The All Blacks will make the journey to Paris from their World Cup base in Lyon by train - not plane - for their opening match against France.
In a deliberate effort to reduce the event's carbon footprint, World Rugby is on a mission to create a more sustainable sport, but there's a big blemish on their scorecard and Greenpeace haven't just called it out - they're shouting about it.
Players are heading for the capital - the fans are too, but the team on the ground are still frantically setting the stage. Smoko breaks are now working ones on site at the monster fanzone slowly emerging, as time ticks down to kick off.
"We have three days more of work," said Paris Deputy Mayor Pierre Rabadan.
There are some looming deadlines that tournament organisers can’t brush off so easily. Greenpeace has accused World Rugby of being sustainability sellouts, with an ad attacking the tournament for accepting sponsorship from a French oil giant.
The sport has been increasingly concerned by climate change. At the start of Japan's World Cup in 2019, a typhoon caused match cancellations for the first time ever and France is currently sweltering in a recordbreaking heatwave.
"You can feel it actually," said Rabadan. "Its really hot, climate is changing."
World Rugby doesn’t want events like these to add to the problem, so it has set the ambitious target of ensuring the Rugby World Cup is climate positive by 2030.
This year, they're tackling transport.
"More than 80 percent of the team movements being high-speed rail and therefore hugely reduced air travel, which will always be a huge impact, has been really important," said World Rugby chief executive Alan Gilpin.
Pre-tournament estimates put the carbon footprint 10 times lower than FIFA’s 2022 World Cup in Qatar, so that is hugely encouraging already.
The British royal family - namely Prince William - chose not to fly to Australia to attend the women’s football final, featuring England, last month, due to the carbon footprint.
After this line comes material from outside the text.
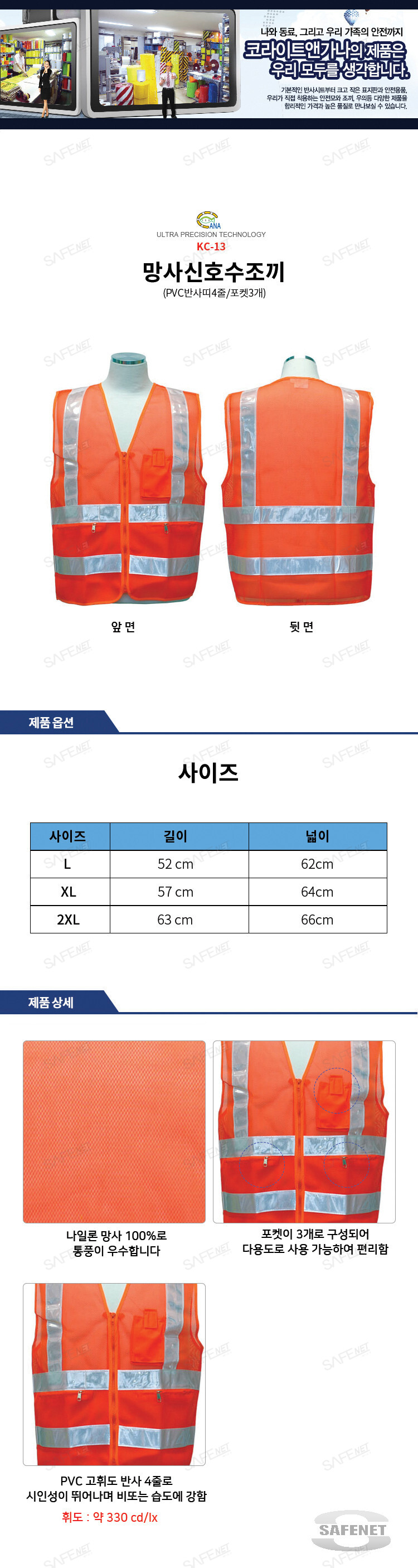 주황색 망사신호수조끼 KC-13 (PVC반사띠4줄/포켓3개)

He and the Princess of Wales will both be in Paris for the rugby.
Obviously, the trip from London is much shorter, but this has now raised further criticism that he will make a pool game for the rugby men and not a historic women's football final.
Meanwhile, venues will also sell locally sourced food, limit single-use plastic and use advanced waste management systems, including at the famous Place de le Concord, where 40,000 people are expected.
"We're just waiting for everyone, especially New Zealand supporters coming," said Rabadan.
The square is steeped in history - a place where royals were excuted in the 1700s, now playing host to the biggest party in town.
Rabadan used to play No.8 for the French rugby team, but now he’s in charge of the city’s sports events.
What plans are in place for celebrations, when the All Blacks win the World Cup?
"I don't know," he laughed. "We really don’t imagine that case."
Surely he has?
"Yes, for sure I have imagined it," admitted Rabadan.
Whether backing All Black or Le Bleu, this World Cup’s legacy will be green.